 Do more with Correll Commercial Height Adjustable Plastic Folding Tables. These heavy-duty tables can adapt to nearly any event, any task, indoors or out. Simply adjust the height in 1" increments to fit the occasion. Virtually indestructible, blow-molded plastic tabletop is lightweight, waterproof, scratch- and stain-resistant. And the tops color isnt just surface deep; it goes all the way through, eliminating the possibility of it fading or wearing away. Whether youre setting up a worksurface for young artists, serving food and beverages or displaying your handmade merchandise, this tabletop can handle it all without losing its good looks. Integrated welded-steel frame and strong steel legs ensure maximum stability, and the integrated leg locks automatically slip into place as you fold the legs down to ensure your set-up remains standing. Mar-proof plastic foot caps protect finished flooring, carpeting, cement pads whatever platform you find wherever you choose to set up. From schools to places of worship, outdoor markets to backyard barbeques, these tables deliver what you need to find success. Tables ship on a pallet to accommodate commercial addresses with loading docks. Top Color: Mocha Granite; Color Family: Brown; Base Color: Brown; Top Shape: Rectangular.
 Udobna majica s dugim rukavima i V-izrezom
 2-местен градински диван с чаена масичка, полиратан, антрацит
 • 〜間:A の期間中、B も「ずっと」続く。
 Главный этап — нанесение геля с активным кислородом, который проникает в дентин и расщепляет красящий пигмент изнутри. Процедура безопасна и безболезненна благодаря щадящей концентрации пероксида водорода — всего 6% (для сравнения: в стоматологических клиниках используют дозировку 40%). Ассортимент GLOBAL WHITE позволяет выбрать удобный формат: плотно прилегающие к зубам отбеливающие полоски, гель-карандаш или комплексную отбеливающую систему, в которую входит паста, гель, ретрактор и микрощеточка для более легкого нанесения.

================================

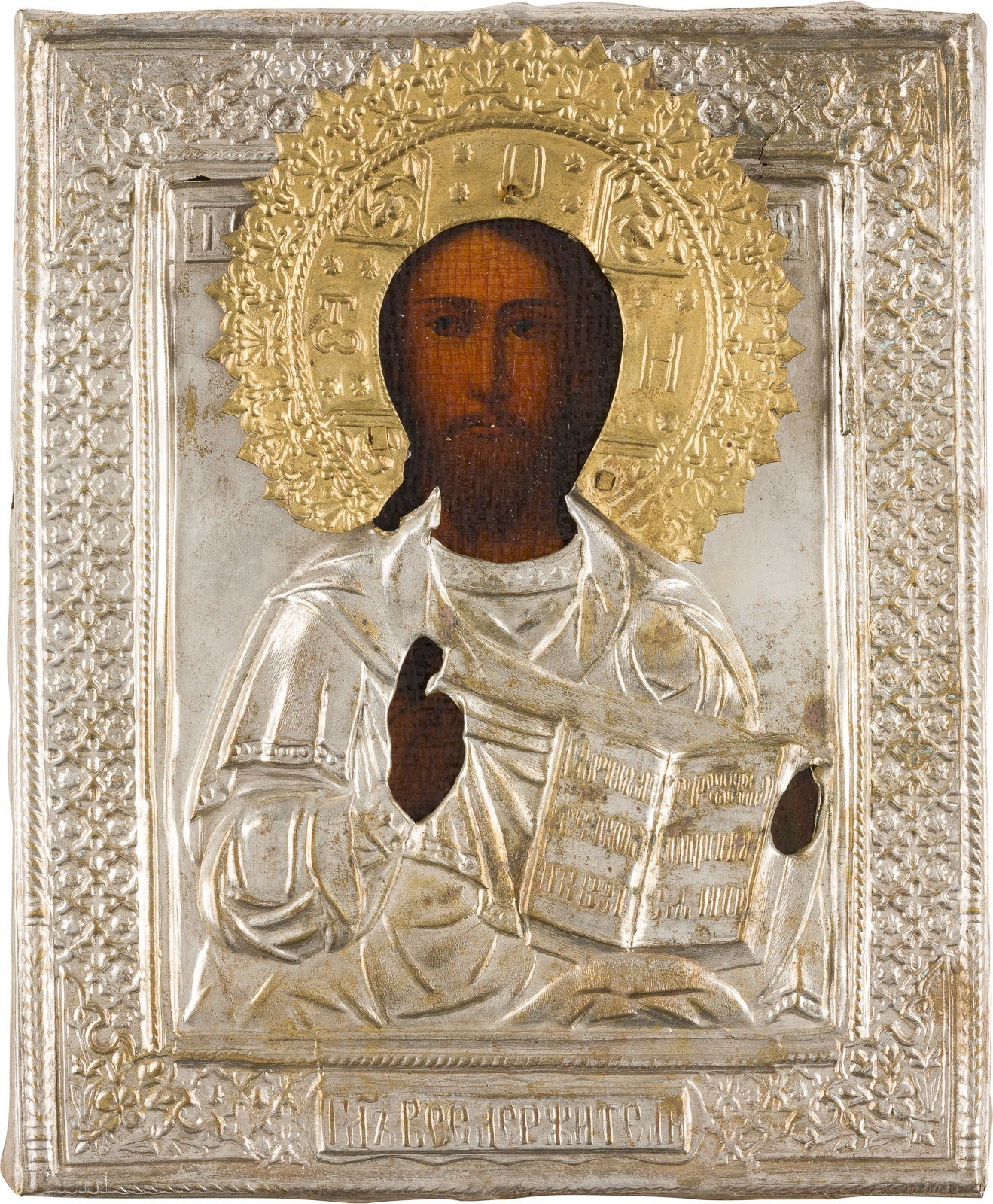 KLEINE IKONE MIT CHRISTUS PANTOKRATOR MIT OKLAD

================================

> _Assigned task_: Please give an exact copy of the entries above, from the line with "2-местен градински диван" down to the line with "Главный этап —", inclusive, and nothing else.

> _Expected answer_:
 2-местен градински диван с чаена масичка, полиратан, антрацит
 • 〜間:A の期間中、B も「ずっと」続く。
 Главный этап — нанесение геля с активным кислородом, который проникает в дентин и расщепляет красящий пигмент изнутри. Процедура безопасна и безболезненна благодаря щадящей концентрации пероксида водорода — всего 6% (для сравнения: в стоматологических клиниках используют дозировку 40%). Ассортимент GLOBAL WHITE позволяет выбрать удобный формат: плотно прилегающие к зубам отбеливающие полоски, гель-карандаш или комплексную отбеливающую систему, в которую входит паста, гель, ретрактор и микрощеточка для более легкого нанесения.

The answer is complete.